The chief judge of the Fairfax County Circuit Court and the court clerk say the case is not closed on their struggle over who runs the judges' staff, even though the judge is stepping down.
Chief Judge Lewis Hall Griffith, who will retire Oct. 1, said he does not see an end to the controversy over whether Circuit Court judges should have their own staffs or whether the clerk of the court, who is elected, should be the primary administrator of the judges' staff.
"I don't anticipate it going away," said Griffith, adding that the dispute played a "minimal" role in his decision to retire. "We are operating in the manner we feel is necessary to ensure the administration of justice and we anticipate that will continue."

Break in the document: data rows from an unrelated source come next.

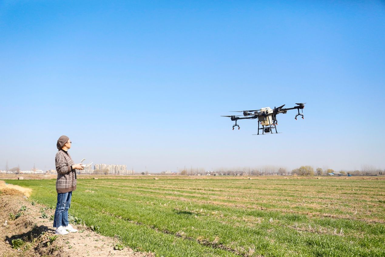 ▲吴舒涵操控无人机用药防治麦子病虫害
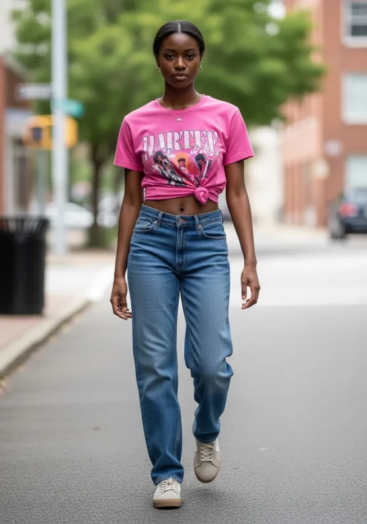 This look pairs a pink graphic T shirt with classic straight leg blue jeans and sneakers.
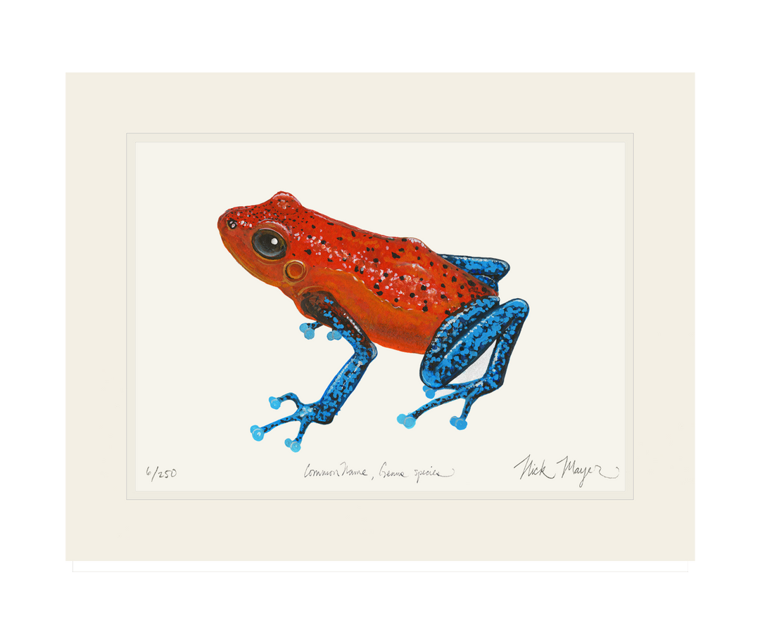 This painting was inspired by looking back over my childhood sketchbooks and rekindling my sense of awe and wonder at the natural world, using vibrant colors. I also used to see these guys on a regular basis when I worked in Tortuguero, Costa Rica doing research on sea turtles. They're tiny! The colors of this frog are not dramatized, they really are this electric in real life! The brilliant red & blue signals to predators that the frog is deadly poisonous. Native to Central & South America, native hunters use the poison from the frog's back to poison their blowgun dart heads. Hand-signed giclee print on archival watercolor paper.
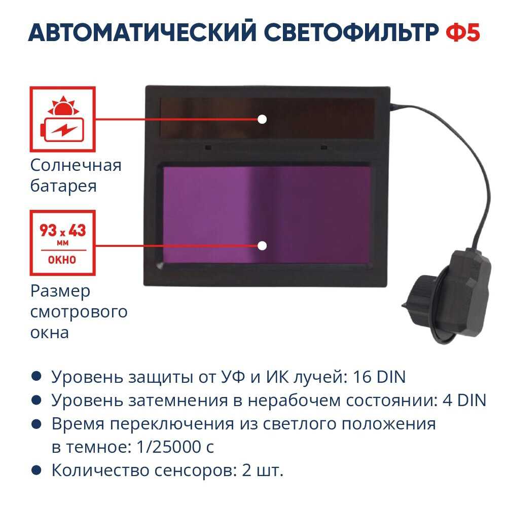 | Особенности : | защита от УФ/ИК лучей, защита от брызг расплавленного металла, ударопрочный материал, установка защитного стекла |
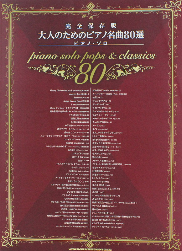 商品名 ピアノソロ 大人のためのピアノ名曲80選 シンコーミュージック
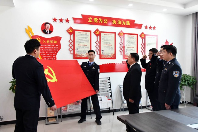 2月9日,虞城县人民法院举行新发展预备党员宣誓仪式,新发展预备党员侯庆伟、荣航正、赵硕三人参加宣誓。
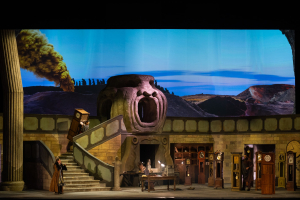 Proprio sul lato grottesco si è divertito il regista e scenografo Ersan Montdag. Se nel Gianni si è inventato un vecchio palazzo con una gran scala e il vecchio sempre nel lettone circondato da personaggi-maschere,come fossimo in un circo, nell’Heure si è spinto sul lato onirico e surreale di una stanza zeppa di immensi orologi contro un cielo in moto perpetuo e con attori-burattini grotteschi e superbarocchi. Così la simpatica parodia delle antiche farse è diventa un divertissement nostalgico – una sorta di Compte Ory rossiniano riveduto e corretto – in salsa novecentesca disincantata.
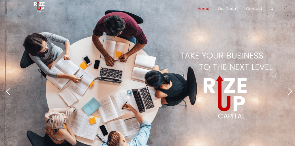 In 2017, I was asked to create a logo, branding and develop a user interface for a startup called Rize Up Capital. Below is the logo in its original form and a reverse version for social media. Above is its application on the homepage slider of the website.
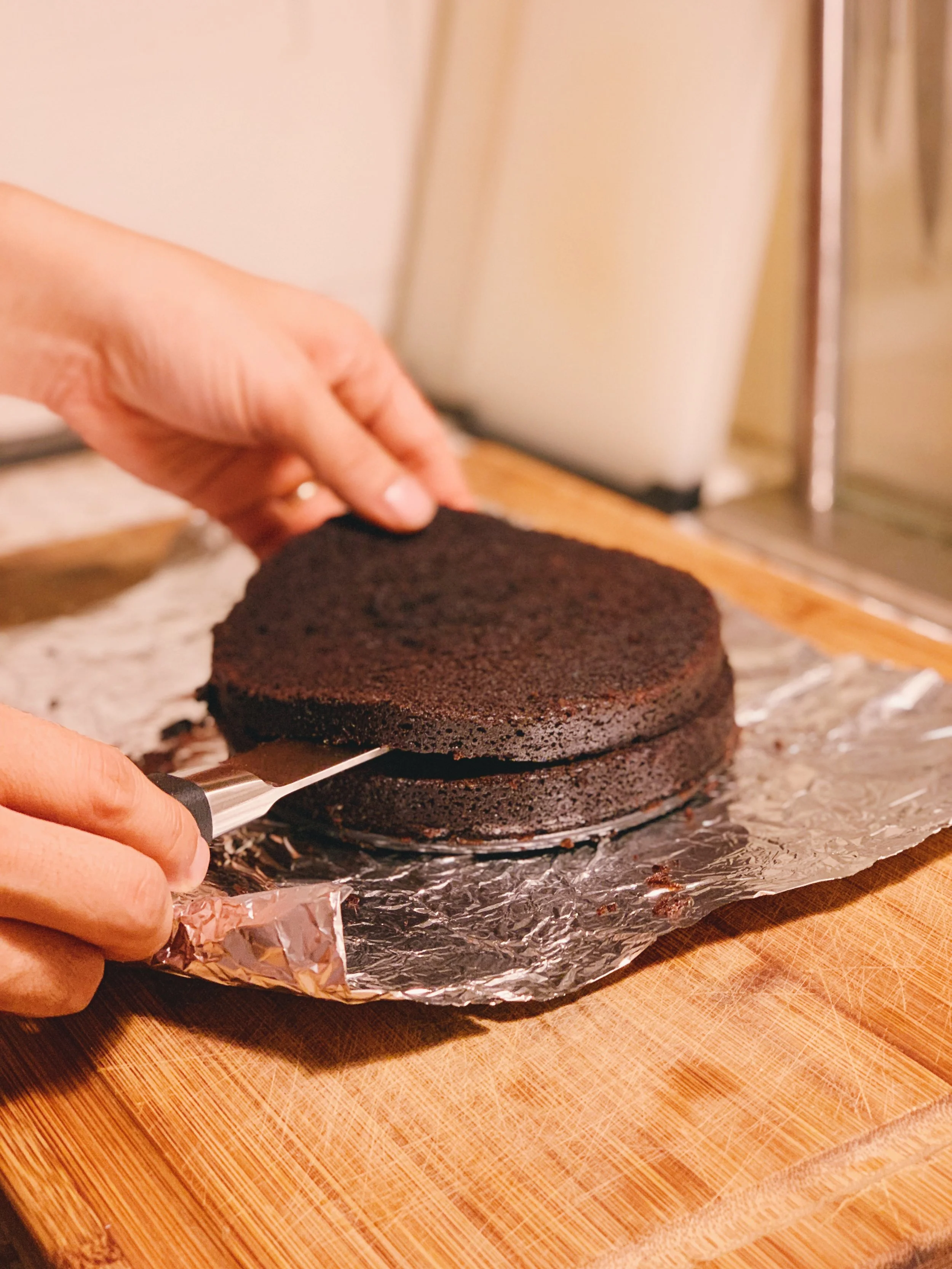 A good friend of mine, Sasha, taught me how to make my first cake some years ago. I ended up loving this chocolate stout cake paired with this frosting recipe. The recipe conveniently uses one bottle of stout and is simple to follow. I used a mini 6” springform pan and my husband helped slice the layers after the cake had cooled sufficiently.
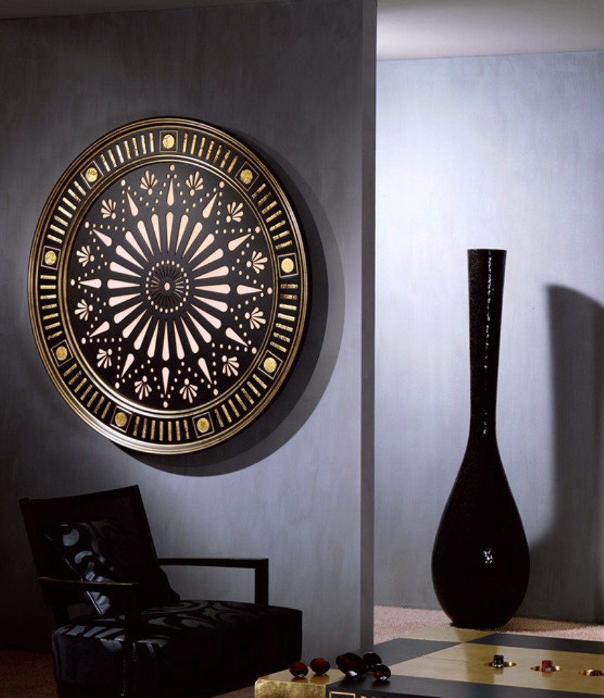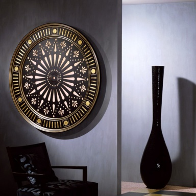 Picture of Shining Sun Vismara Italian manufacturer. Presents round pattern in gold tones with black accents. Perfectly complement the interior in a modern style.
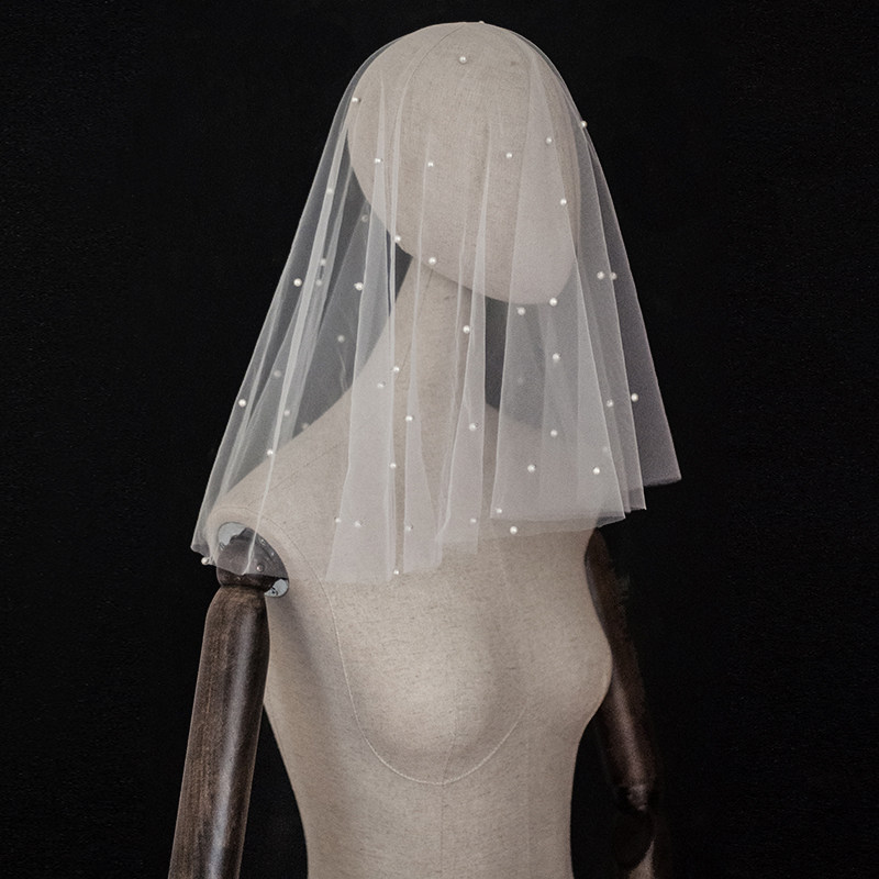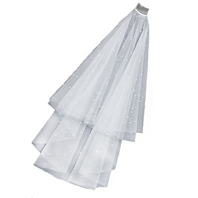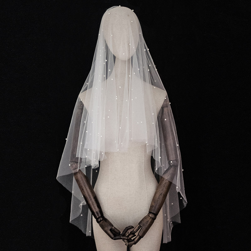 JINNYMENG新款定制甜美简约复古珍珠短长经典新娘头纱旅拍纱包邮

On the other side of the bench, Warren E. Barry, clerk of the court, acknowledges that Griffith won part of their duel when the county gave him his own staff agency. But Barry said he is awaiting a decision on a bill he supports in the General Assembly that would decide whether a judge has the power to request money from local governments. The bill was held over for the next session.
"I'm elected to do those things," Barry said. "A judge is appointed to the bench to administer justice."
Barry said a judge receiving money for staff directly from the county creates an appearance of a conflict of interest.
The dispute began shortly after Griffith became chief judge in January 1988. Griffith submitted a supplemental budget that included a request for his own staff, sidestepping the normal procedure of including the request in the clerk's budget.
The dispute boiled over when Barry threatened to sue Griffith and the county for usurping his constitutional authority. Nevertheless, the county awarded Griffith a staff called Judicial Operations.
Both still vigorously defend their positions.
Barry says: "You can't have it both ways: be autonomous and spend the public's money."
Griffith says: "I disagree and that has been the core of the controversy. If ever there was a conflict of interest, it seems to me it would involve who is providing you with your paycheck." The state pays judges. The county provides funding for their staff.
Since Griffith became chief judge, he has won praise for his wit and the dramatic changes in the court, including making it more accessible and implementing programs to speed the docket. Griffith, 59, said this week that the job has been demanding and has left him tired. He will work part time as a substitute judge.
The news of his retirement came down hard on many who work with him.
"It's breaking my heart," said Judge Johanna L. Fitzpatrick. "I'm really sad for us."
Griffith's departure raises the question of who will succeed him. Chief judges in Virginia are selected in secret by their colleagues.
Circuit Judge F. Bruce Bach, who has been on the bench 11 years, is said to be a strong contender for Griffith's job.
"I think that is nothing more than a rumor, let me tell you," Bach said. "That's very unlikely."
Even if the controversy over the judges' staffs continues, it no longer will be Griffith's problem. Neither will the burden of judging other people's actions every day.
"I can think of no more sobering experience than to sit in judgment of your fellow human being," he said. "There comes a time when you're perspective changes. I need a change. It's time to change."